Java 23, SpringBoot 3.3.4: Tracing: OpenTelemetry — Part 7

Published in

Level Up Coding

10 min readNov 27, 2024

In the previous sessions, we explored Logs, Events, and Metrics as key components of observability. Today, we’ll shift our attention to Tracing, completing the observability triad of Logs, Metrics, and Traces.

This session will delve into how OpenTelemetry, a Cloud Native Computing Foundation (CNCF) project, integrates with Micrometer in a Spring Boot application.
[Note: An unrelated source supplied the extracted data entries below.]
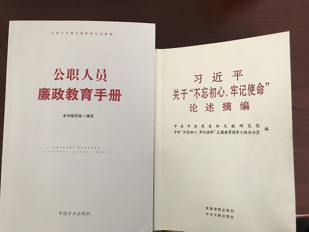 會(huì)上還學(xué)習(xí)了《習(xí)近平關(guān)于“不忘初心、牢記使命”重要論述選編》第五章——把政治建設(shè)擺在首位,不斷增強(qiáng)“四個(gè)意識(shí)”、堅(jiān)定“四個(gè)自信”、做到“兩個(gè)維護(hù)”。《公職人員廉政教育手冊(cè)》國(guó)企領(lǐng)導(dǎo)人切莫損公肥私、國(guó)企領(lǐng)導(dǎo)人不得濫用經(jīng)營(yíng)權(quán)等方面內(nèi)容。
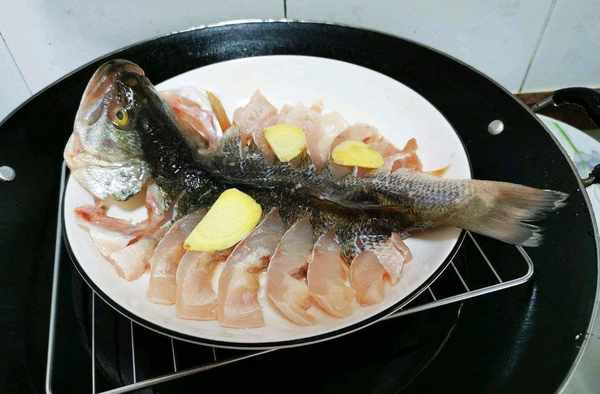 鱸魚買來後清洗幹凈,切上一子花刀,放點蔥薑鹽和料酒,醃制五分鐘,然後把鱸魚放在魚盤上,水開上鍋蒸十分鐘,再燜上三分鐘,
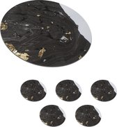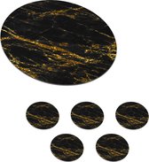 Dessous de Sous-verres - Rond - Goud - Zwart - Luxe - 10x10 cm - 6 pièces
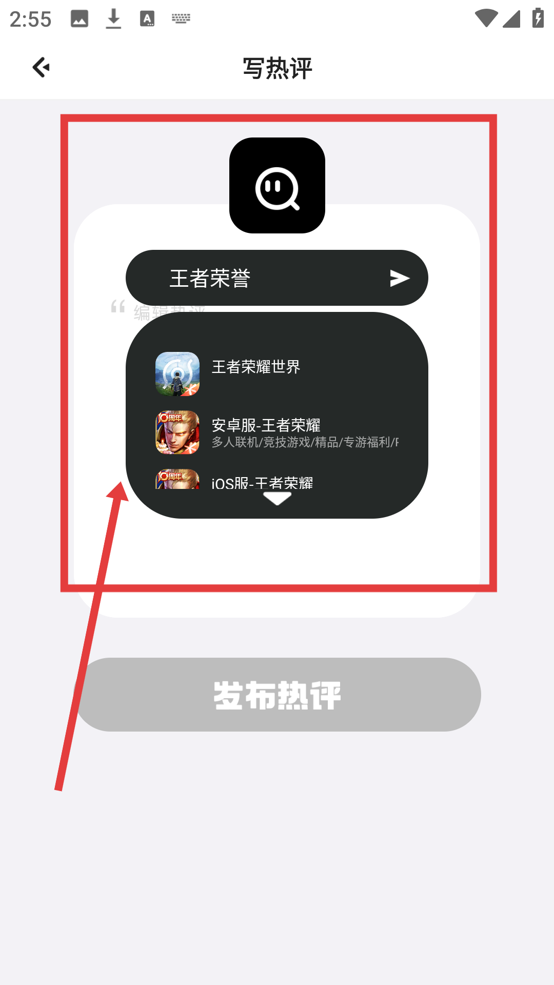 3、在写热评界面选要评论的游戏,像【王者荣耀】相关选项,点击进入评论编辑界面哦。
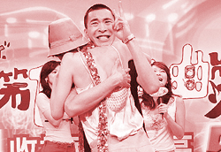 黃立行極力爭取林志玲的擁抱,“金曲獎那天我看到王力宏抱她,差點想K他。”林志玲不疑有他,張開雙臂擁抱,黃立行雙手摟住她的腰和背部,不但用力,還露很‘爽’的表情,“我現(xiàn)在沒有女友,有也變沒有了。”最后深情地說:“我是全世界最幸運的男人。”全場人笑壞了,林志玲尷尬地羞紅臉說:“我覺得害羞傻眼。”

Additionally, we’ll examine how these tools/libraries function cohesively in a Kubernetes-based deployment model.

Before we dive into the integration process, we’ll briefly recap the concepts covered so far in the Java 23 and Spring Boot 3.3.4 series.

Part 1: Hexagonal Architecture implementation, along with API documentation using Swagger and OpenAPI.
Part 2: Spring AOP (Aspect-Oriented Programming) for streamlined exception handling, standard HTTP responses, and comprehensive bean validation.
Part 3: Logback Configuration using both file-based and console appenders for effective logging.
Part 4: Log/Events: Development of RESTful Endpoints & understanding the API flow and AOP-driven logging for enhanced traceability.
Part 5: Metrics — Micrometer, Prometheus, and Actuator. In this section, we explored how these APIs integrate seamlessly into a Spring Boot application and examined the standout features of Micrometer, highlighting its capabilities and role in effective metrics management.
Part 6: Metrics: Micrometer & AOP — Integrating Metrics using Micrometer with Spring Boot AOP.
Part 7: Tracing: OpenTelemetry: This section will spotlight the integration of OpenTelemetry with Micrometer, exploring their combined capabilities and use cases.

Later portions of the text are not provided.